Records for this task
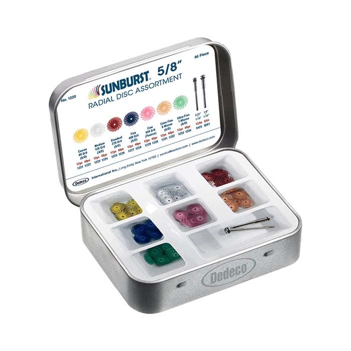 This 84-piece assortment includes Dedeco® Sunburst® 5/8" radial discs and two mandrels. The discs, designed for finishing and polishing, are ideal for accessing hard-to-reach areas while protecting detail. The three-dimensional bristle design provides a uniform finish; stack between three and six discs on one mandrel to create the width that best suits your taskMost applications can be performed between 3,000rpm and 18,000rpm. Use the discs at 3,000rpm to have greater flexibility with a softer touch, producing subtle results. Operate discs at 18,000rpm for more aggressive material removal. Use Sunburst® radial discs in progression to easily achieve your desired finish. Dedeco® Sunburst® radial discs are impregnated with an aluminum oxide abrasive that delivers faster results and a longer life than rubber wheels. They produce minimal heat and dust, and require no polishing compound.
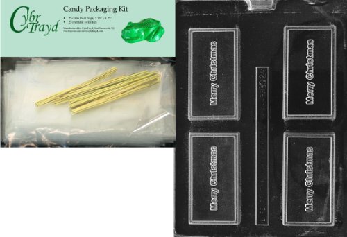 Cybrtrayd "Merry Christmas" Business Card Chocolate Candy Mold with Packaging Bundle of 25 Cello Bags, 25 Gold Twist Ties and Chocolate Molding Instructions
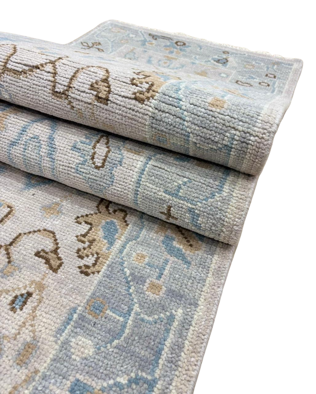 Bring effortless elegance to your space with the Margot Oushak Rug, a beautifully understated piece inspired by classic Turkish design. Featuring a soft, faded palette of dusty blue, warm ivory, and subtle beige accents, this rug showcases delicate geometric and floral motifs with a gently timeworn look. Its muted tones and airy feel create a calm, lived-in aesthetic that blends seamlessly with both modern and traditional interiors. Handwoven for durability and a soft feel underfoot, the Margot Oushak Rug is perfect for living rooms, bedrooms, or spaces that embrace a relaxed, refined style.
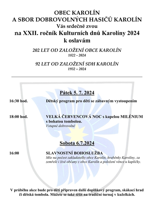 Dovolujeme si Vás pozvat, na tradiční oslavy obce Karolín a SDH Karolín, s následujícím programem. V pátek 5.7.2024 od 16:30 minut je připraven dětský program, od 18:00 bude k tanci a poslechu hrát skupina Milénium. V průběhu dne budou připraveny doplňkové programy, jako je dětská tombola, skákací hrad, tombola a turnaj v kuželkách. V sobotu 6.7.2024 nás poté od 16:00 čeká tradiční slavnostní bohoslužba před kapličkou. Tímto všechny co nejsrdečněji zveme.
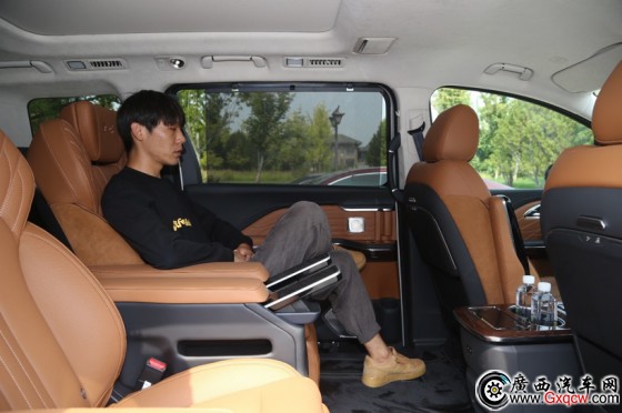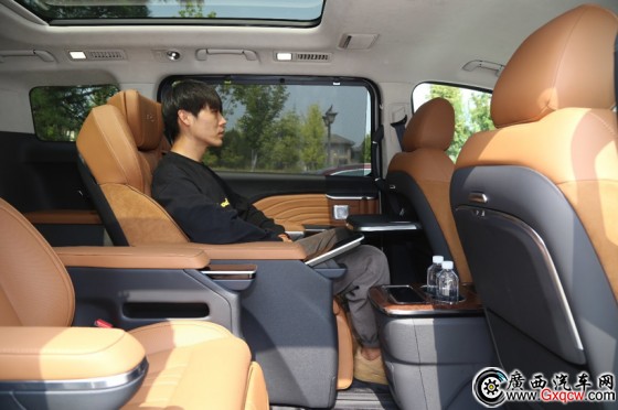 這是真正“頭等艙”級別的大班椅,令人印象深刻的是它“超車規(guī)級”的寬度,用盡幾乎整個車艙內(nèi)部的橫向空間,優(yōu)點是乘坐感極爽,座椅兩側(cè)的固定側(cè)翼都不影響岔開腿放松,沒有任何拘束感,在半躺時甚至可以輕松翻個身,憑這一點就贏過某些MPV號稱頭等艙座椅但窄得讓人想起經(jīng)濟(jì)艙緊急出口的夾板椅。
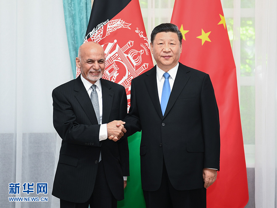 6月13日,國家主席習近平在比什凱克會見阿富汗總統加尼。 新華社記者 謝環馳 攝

--

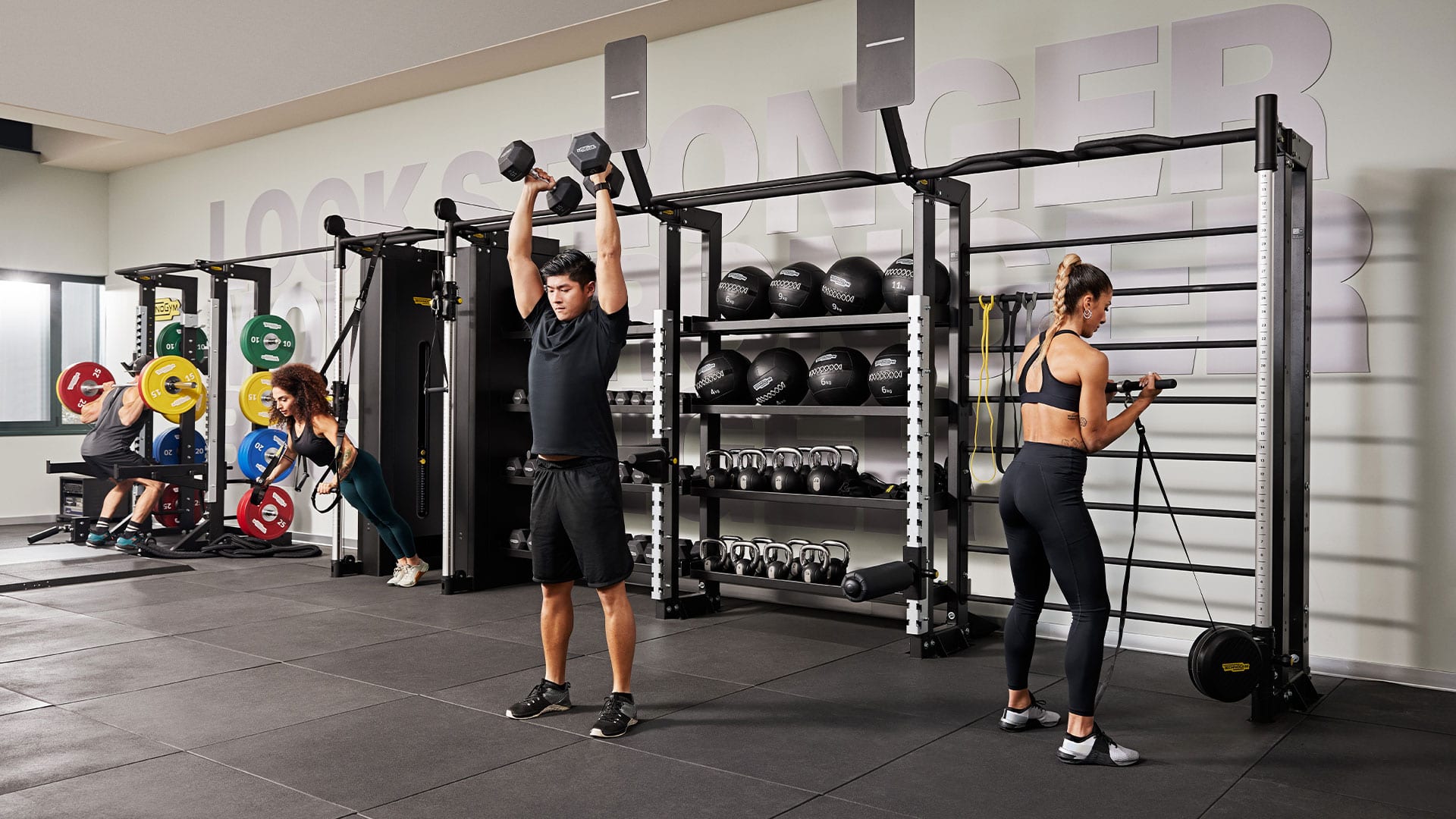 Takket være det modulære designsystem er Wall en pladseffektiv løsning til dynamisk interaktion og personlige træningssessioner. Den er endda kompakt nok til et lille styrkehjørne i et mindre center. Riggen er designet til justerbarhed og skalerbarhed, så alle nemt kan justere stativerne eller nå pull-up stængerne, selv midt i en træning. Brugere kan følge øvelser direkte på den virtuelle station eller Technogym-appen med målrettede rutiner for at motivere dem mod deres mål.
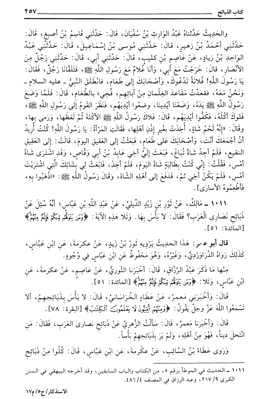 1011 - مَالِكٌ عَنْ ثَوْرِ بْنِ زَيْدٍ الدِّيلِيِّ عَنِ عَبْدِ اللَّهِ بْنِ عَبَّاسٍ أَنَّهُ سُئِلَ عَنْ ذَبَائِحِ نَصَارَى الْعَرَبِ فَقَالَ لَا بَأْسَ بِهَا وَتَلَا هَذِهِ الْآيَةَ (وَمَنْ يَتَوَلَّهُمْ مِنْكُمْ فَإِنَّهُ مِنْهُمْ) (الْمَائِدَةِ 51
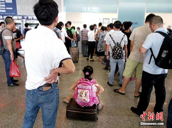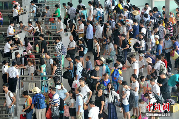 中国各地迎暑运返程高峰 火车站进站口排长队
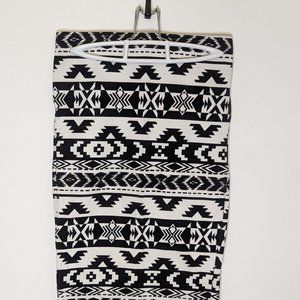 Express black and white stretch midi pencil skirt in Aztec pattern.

Task details
Would you copy the lines above exactly, starting with the one that has "Bring effortless elegance" and ending with the one that has "6月13日,國家主席習近平在比什凱克會見阿富汗總統加尼。 新華社記者 謝環馳 攝", both included, without the pictures?

Exercise output
 Bring effortless elegance to your space with the Margot Oushak Rug, a beautifully understated piece inspired by classic Turkish design. Featuring a soft, faded palette of dusty blue, warm ivory, and subtle beige accents, this rug showcases delicate geometric and floral motifs with a gently timeworn look. Its muted tones and airy feel create a calm, lived-in aesthetic that blends seamlessly with both modern and traditional interiors. Handwoven for durability and a soft feel underfoot, the Margot Oushak Rug is perfect for living rooms, bedrooms, or spaces that embrace a relaxed, refined style.
 Dovolujeme si Vás pozvat, na tradiční oslavy obce Karolín a SDH Karolín, s následujícím programem. V pátek 5.7.2024 od 16:30 minut je připraven dětský program, od 18:00 bude k tanci a poslechu hrát skupina Milénium. V průběhu dne budou připraveny doplňkové programy, jako je dětská tombola, skákací hrad, tombola a turnaj v kuželkách. V sobotu 6.7.2024 nás poté od 16:00 čeká tradiční slavnostní bohoslužba před kapličkou. Tímto všechny co nejsrdečněji zveme.
 這是真正“頭等艙”級別的大班椅,令人印象深刻的是它“超車規(guī)級”的寬度,用盡幾乎整個車艙內(nèi)部的橫向空間,優(yōu)點是乘坐感極爽,座椅兩側(cè)的固定側(cè)翼都不影響岔開腿放松,沒有任何拘束感,在半躺時甚至可以輕松翻個身,憑這一點就贏過某些MPV號稱頭等艙座椅但窄得讓人想起經(jīng)濟(jì)艙緊急出口的夾板椅。
 6月13日,國家主席習近平在比什凱克會見阿富汗總統加尼。 新華社記者 謝環馳 攝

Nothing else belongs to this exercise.